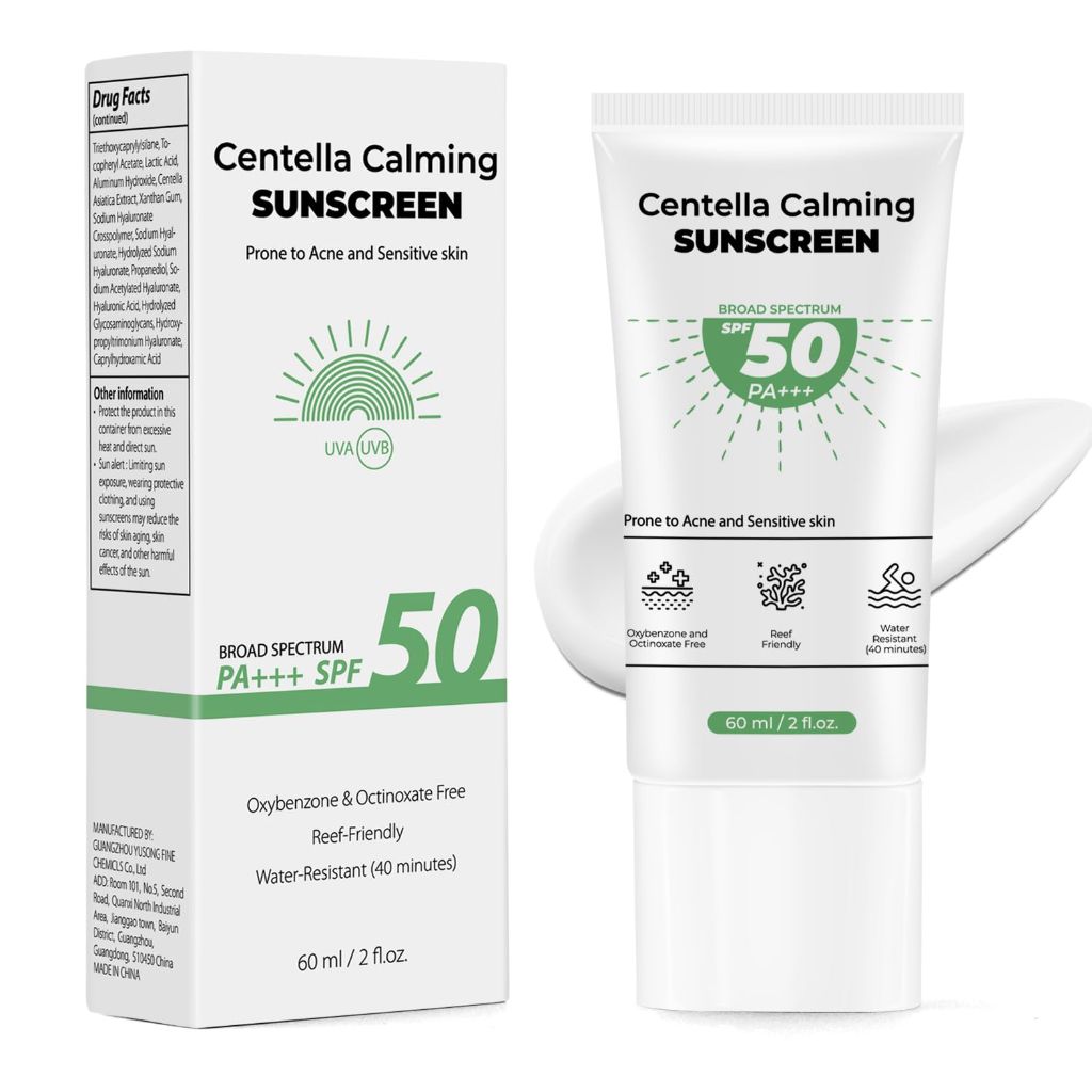 The Centella Sunscreen SPF 50 is a broad-spectrum facial sunscreen serum designed for daily protection and skincare. It offers SPF 50+ PA+++ protection against UVA and UVB rays using a combination of physical (micronized Zinc Oxide and Titanium Dioxide) and chemical filters. The formula is infused with Centella Asiatica extract to soothe and calm sensitive, sun-exposed skin, and contains Niacinamide to help brighten the complexion. It includes 6 types of Hyaluronic Acid to provide deep hydration and reinforce the skin's moisture barrier. The lightweight, water-fit serum texture absorbs quickly without leaving a white cast, stickiness, or greasy residue, making it suitable as a makeup base. This sunscreen is formulated to be fragrance-free and is free from parabens, oxybenzone, and ethylhexyl methoxycinnamate. It is suitable for all skin types, including sensitive and acne-prone skin. The product comes in a 2 fl.oz (approximately 59 ml) travel-friendly size.
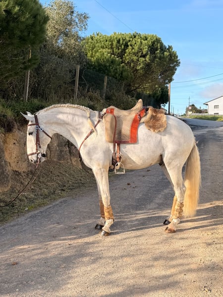 ✨QUERUBIM✨ Sympathischer Lusitano-Wallach für Freizeit und Dressur mit ehrlichem Charakter QUERUBIM Merkmale: - Rasse: Lusitano - Geschlecht: Wallach - Geburtsjahr: 2020 - Farbe: Schimmel - Stockmaß: 1,54m ⸻ Mit QUERUBIM steht ein sehr sympathischer Lusitano-Wallach zum Verkauf, der sich durch seinen freundlichen Charakter, seine angenehme Rittigkeit und seine solide Grundausbildung auszeichnet. Ein ehrliches Pferd, das sich besonders gut für Freizeitreiter oder Reiter mit dem Wunsch nach einem unkomplizierten Partner eignet. ⸻ 🧬 Abstammung: ✨ Vater: URCO • gekört mit 67,5 Punkten • aus der bekannten Veiga-Linie, die für Rittigkeit, Charakter und Arbeitswillen geschätzt wird ✨ Mutter: MANZANA • gekört mit 77,51 Punkten • eine außergewöhnlich hoch bewertete Lusitano-Stute mit viel Qualität ➡️ Eine interessante Kombination aus Lusitano-Genetik und sehr guter Mutterlinie. ⸻ 🎓 Ausbildungsstand: QUERUBIM wird seit etwa einem Jahr unter dem Sattel geritten und kennt bereits: • Schritt, Trab und Galopp unter dem Reiter • grundlegende Arbeit auf dem Reitplatz • ruhiges und kooperatives Verhalten beim Reiten ➡️Er zeigt sich dabei ehrlich, brav und angenehm zu reiten. ⸻ 🐎 Typ & Bewegung: • kompakter, harmonischer Lusitano-Typ • angenehme, gut zu sitzende Bewegungen • gute natürliche Balance • solide Grundlage für die weitere Ausbildung ➡️Ein Pferd, das sich besonders für entspanntes Reiten und Freizeit eignet. ⸻ 🧠 Charakter: • freundlich und menschenbezogen • ehrlich im Umgang • ruhig und unkompliziert • angenehmes Temperament ➡️Ein sehr netter Lusitano-Wallach, der seinem Reiter Vertrauen schenkt und gerne mitarbeitet. ⸻ 🩺 Gesundheit: • Röntgenbilder vorhanden • Befund an den Sprunggelenken vorhanden ➡️Aufgrund dieses Befundes wird QUERUBIM zu einem sehr attraktiven Preis angeboten, ist jedoch problemlos reitbar. ⸻ 🎯 Für wen ist QUERUBIM geeignet? • Freizeitreiter • Reiter, die einen ehrlichen und unkomplizierten Lusitano suchen • Menschen, die ein braves Pferd für entspanntes Reiten möchten ⸻ ⭐ Fazit: QUERUBIM überzeugt durch: ✔️ freundlichen Charakter ✔️ solide Grundausbildung ✔️ ehrliche Rittigkeit ✔️ interessante Abstammung ✔️ sehr attraktives Preis-Leistungs-Verhältnis ➡️Ein sympathischer Lusitano-Wallach für Reiter, die einen ehrlichen Partner für entspannte Ritte und Freizeit suchen. ⸻ 📞 Kontakt & Besichtigung QUERUBIM kann nach Vereinbarung besichtigt und probegeritten werden. Ich freue mich auf ernsthafte Anfragen und nehme mir gerne Zeit für ein persönliches Gespräch.
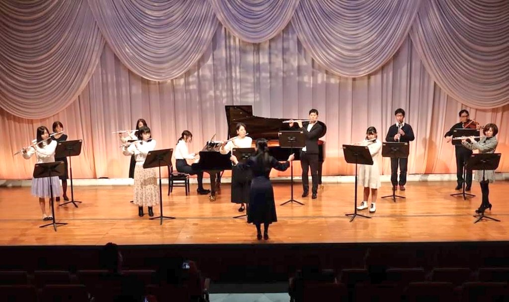 通常レッスンはもちろん、吹奏楽部や一般楽団のフルートパートの皆さんへの演奏指導や全体合奏指導も大好評を頂いております。
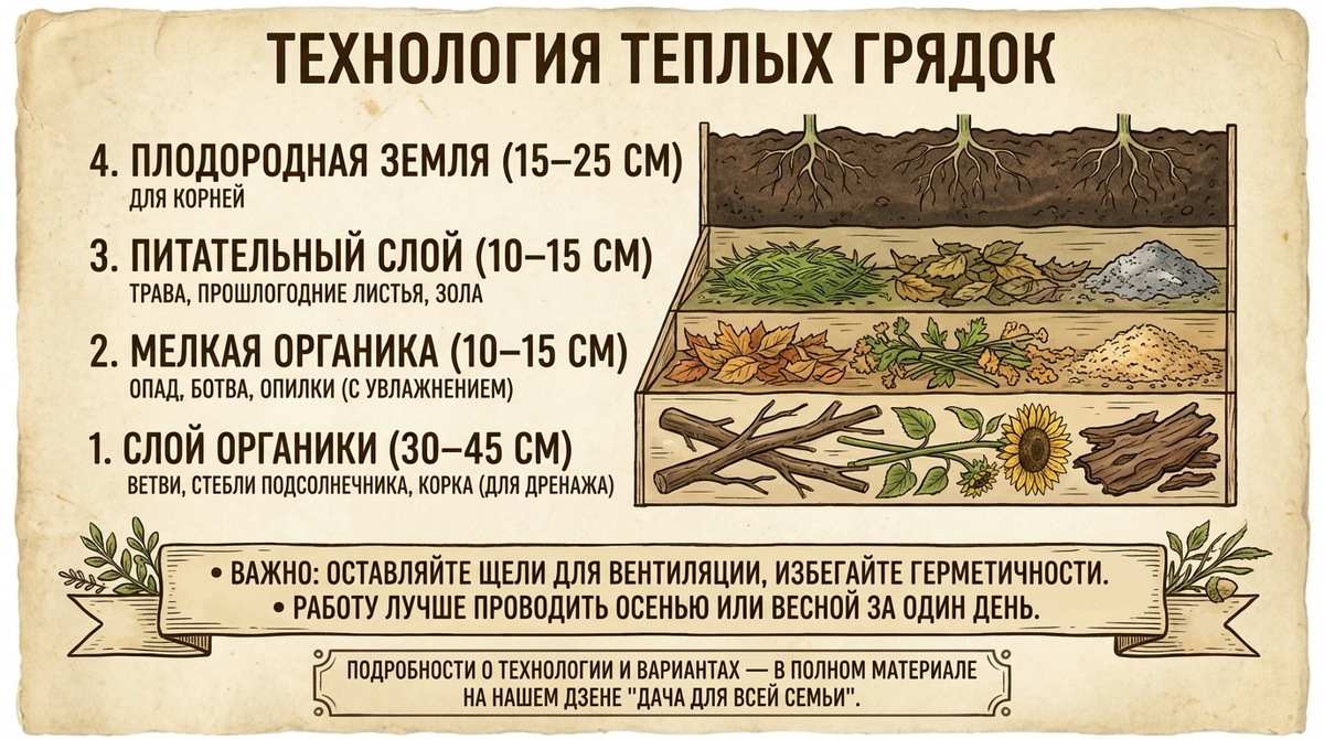 Что у меня сошлось по итогу. Четыре слоя за один день собрать реально, если всё подготовить заранее, нарезать ветки, подвести воду и материал. Разница по температуре есть и ощутимая в начале, это подтверждается прямыми измерениями. Толщина нижнего слоя в 40 сантиметров себя оправдала, но не как догма, а как ориентир для средней полосы. Опилки и щепа работают, если их не сыпать монолитом, а смешивать с ботвой и землёй. Навоз лучше перепревший и глубже, ближе к второму слою. То, что остаётся под вопросом, это сроки старта в совсем холодных регионах, там уже многое решает укрывной материал и организация проветривания, иначе можно разбудить микробы, а растения ещё не готовы.
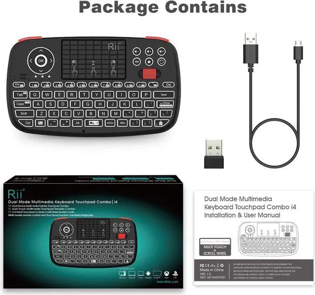 Package Contents: Rii MINI Wireless Bluetooth keyboard USB charging cable and 2.4G USB dongle.
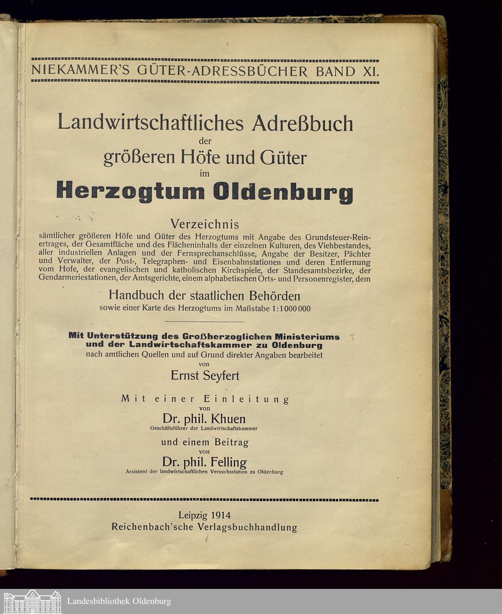 Verzeichnis der größeren Höfe uind Güter im Herzogtum Oldenburg

* What the exercise asks *
Could you please write out the entries exactly as they are, with every picture left out?

* The completed task *
 The Centella Sunscreen SPF 50 is a broad-spectrum facial sunscreen serum designed for daily protection and skincare. It offers SPF 50+ PA+++ protection against UVA and UVB rays using a combination of physical (micronized Zinc Oxide and Titanium Dioxide) and chemical filters. The formula is infused with Centella Asiatica extract to soothe and calm sensitive, sun-exposed skin, and contains Niacinamide to help brighten the complexion. It includes 6 types of Hyaluronic Acid to provide deep hydration and reinforce the skin's moisture barrier. The lightweight, water-fit serum texture absorbs quickly without leaving a white cast, stickiness, or greasy residue, making it suitable as a makeup base. This sunscreen is formulated to be fragrance-free and is free from parabens, oxybenzone, and ethylhexyl methoxycinnamate. It is suitable for all skin types, including sensitive and acne-prone skin. The product comes in a 2 fl.oz (approximately 59 ml) travel-friendly size.
 ✨QUERUBIM✨ Sympathischer Lusitano-Wallach für Freizeit und Dressur mit ehrlichem Charakter QUERUBIM Merkmale: - Rasse: Lusitano - Geschlecht: Wallach - Geburtsjahr: 2020 - Farbe: Schimmel - Stockmaß: 1,54m ⸻ Mit QUERUBIM steht ein sehr sympathischer Lusitano-Wallach zum Verkauf, der sich durch seinen freundlichen Charakter, seine angenehme Rittigkeit und seine solide Grundausbildung auszeichnet. Ein ehrliches Pferd, das sich besonders gut für Freizeitreiter oder Reiter mit dem Wunsch nach einem unkomplizierten Partner eignet. ⸻ 🧬 Abstammung: ✨ Vater: URCO • gekört mit 67,5 Punkten • aus der bekannten Veiga-Linie, die für Rittigkeit, Charakter und Arbeitswillen geschätzt wird ✨ Mutter: MANZANA • gekört mit 77,51 Punkten • eine außergewöhnlich hoch bewertete Lusitano-Stute mit viel Qualität ➡️ Eine interessante Kombination aus Lusitano-Genetik und sehr guter Mutterlinie. ⸻ 🎓 Ausbildungsstand: QUERUBIM wird seit etwa einem Jahr unter dem Sattel geritten und kennt bereits: • Schritt, Trab und Galopp unter dem Reiter • grundlegende Arbeit auf dem Reitplatz • ruhiges und kooperatives Verhalten beim Reiten ➡️Er zeigt sich dabei ehrlich, brav und angenehm zu reiten. ⸻ 🐎 Typ & Bewegung: • kompakter, harmonischer Lusitano-Typ • angenehme, gut zu sitzende Bewegungen • gute natürliche Balance • solide Grundlage für die weitere Ausbildung ➡️Ein Pferd, das sich besonders für entspanntes Reiten und Freizeit eignet. ⸻ 🧠 Charakter: • freundlich und menschenbezogen • ehrlich im Umgang • ruhig und unkompliziert • angenehmes Temperament ➡️Ein sehr netter Lusitano-Wallach, der seinem Reiter Vertrauen schenkt und gerne mitarbeitet. ⸻ 🩺 Gesundheit: • Röntgenbilder vorhanden • Befund an den Sprunggelenken vorhanden ➡️Aufgrund dieses Befundes wird QUERUBIM zu einem sehr attraktiven Preis angeboten, ist jedoch problemlos reitbar. ⸻ 🎯 Für wen ist QUERUBIM geeignet? • Freizeitreiter • Reiter, die einen ehrlichen und unkomplizierten Lusitano suchen • Menschen, die ein braves Pferd für entspanntes Reiten möchten ⸻ ⭐ Fazit: QUERUBIM überzeugt durch: ✔️ freundlichen Charakter ✔️ solide Grundausbildung ✔️ ehrliche Rittigkeit ✔️ interessante Abstammung ✔️ sehr attraktives Preis-Leistungs-Verhältnis ➡️Ein sympathischer Lusitano-Wallach für Reiter, die einen ehrlichen Partner für entspannte Ritte und Freizeit suchen. ⸻ 📞 Kontakt & Besichtigung QUERUBIM kann nach Vereinbarung besichtigt und probegeritten werden. Ich freue mich auf ernsthafte Anfragen und nehme mir gerne Zeit für ein persönliches Gespräch.
 通常レッスンはもちろん、吹奏楽部や一般楽団のフルートパートの皆さんへの演奏指導や全体合奏指導も大好評を頂いております。
 Что у меня сошлось по итогу. Четыре слоя за один день собрать реально, если всё подготовить заранее, нарезать ветки, подвести воду и материал. Разница по температуре есть и ощутимая в начале, это подтверждается прямыми измерениями. Толщина нижнего слоя в 40 сантиметров себя оправдала, но не как догма, а как ориентир для средней полосы. Опилки и щепа работают, если их не сыпать монолитом, а смешивать с ботвой и землёй. Навоз лучше перепревший и глубже, ближе к второму слою. То, что остаётся под вопросом, это сроки старта в совсем холодных регионах, там уже многое решает укрывной материал и организация проветривания, иначе можно разбудить микробы, а растения ещё не готовы.
 Package Contents: Rii MINI Wireless Bluetooth keyboard USB charging cable and 2.4G USB dongle.
 Verzeichnis der größeren Höfe uind Güter im Herzogtum Oldenburg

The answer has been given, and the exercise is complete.